Dataset items
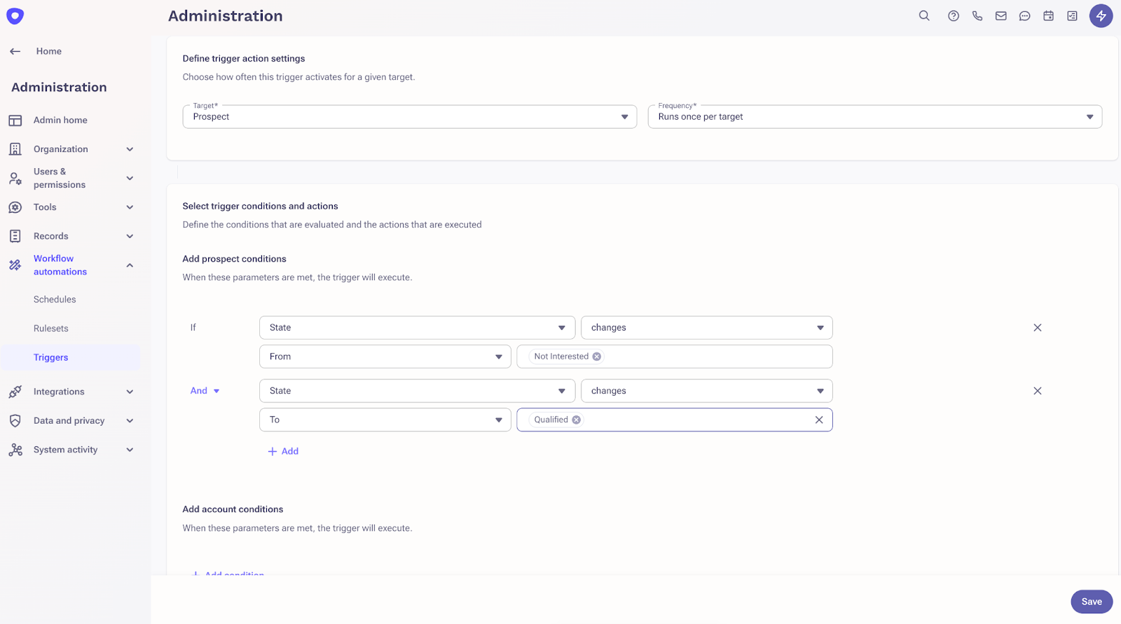 Automate workflows around prospects, accounts, and opportunities records with field-based triggers
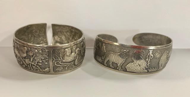2 Silver Type Bangle Bracelets 2 Silver Type Bangle
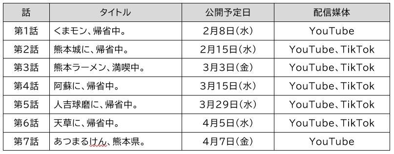 動画制作に当たっては、様々な最新技術を有するサイバーエージェント社とタッグを組み、3Dスキャンやモーションキャプチャ等のCG技術を駆使することで再現された、本物と見間違うほど精巧なCGのくまモンが大活躍します。動画は全7話構成で、2月8日(水)から4月上旬にかけて、特設サイト、YouTube及びTikTokで公開していきます。
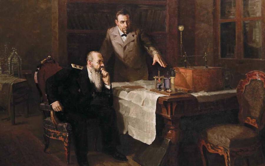 А.С. Попов демонстрирует прием первой в мире радиограммы. Источник: https://ria.ru
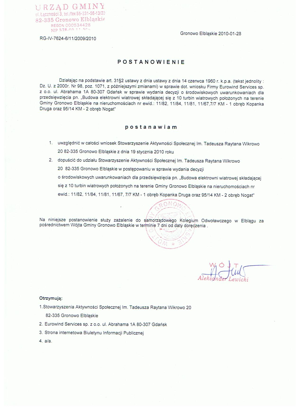 Postanowienie dotyczące Firmy Eourowind w sprawie wydania decyzji o środowiskowych uwarunkowaniach dla przedsięwzięcia pn. "Budowa elektrowni wiatrowej składającej się z 10 turbin wiatrowych położonych na terenie Gminy Gronowo Elbląskie"

◆ Assigned task ◆
Return every record exactly. Pictures stay out.

◆ Worked solution ◆
 Automate workflows around prospects, accounts, and opportunities records with field-based triggers
2 Silver Type Bangle Bracelets 2 Silver Type Bangle
 動画制作に当たっては、様々な最新技術を有するサイバーエージェント社とタッグを組み、3Dスキャンやモーションキャプチャ等のCG技術を駆使することで再現された、本物と見間違うほど精巧なCGのくまモンが大活躍します。動画は全7話構成で、2月8日(水)から4月上旬にかけて、特設サイト、YouTube及びTikTokで公開していきます。
 А.С. Попов демонстрирует прием первой в мире радиограммы. Источник: https://ria.ru
 Postanowienie dotyczące Firmy Eourowind w sprawie wydania decyzji o środowiskowych uwarunkowaniach dla przedsięwzięcia pn. "Budowa elektrowni wiatrowej składającej się z 10 turbin wiatrowych położonych na terenie Gminy Gronowo Elbląskie"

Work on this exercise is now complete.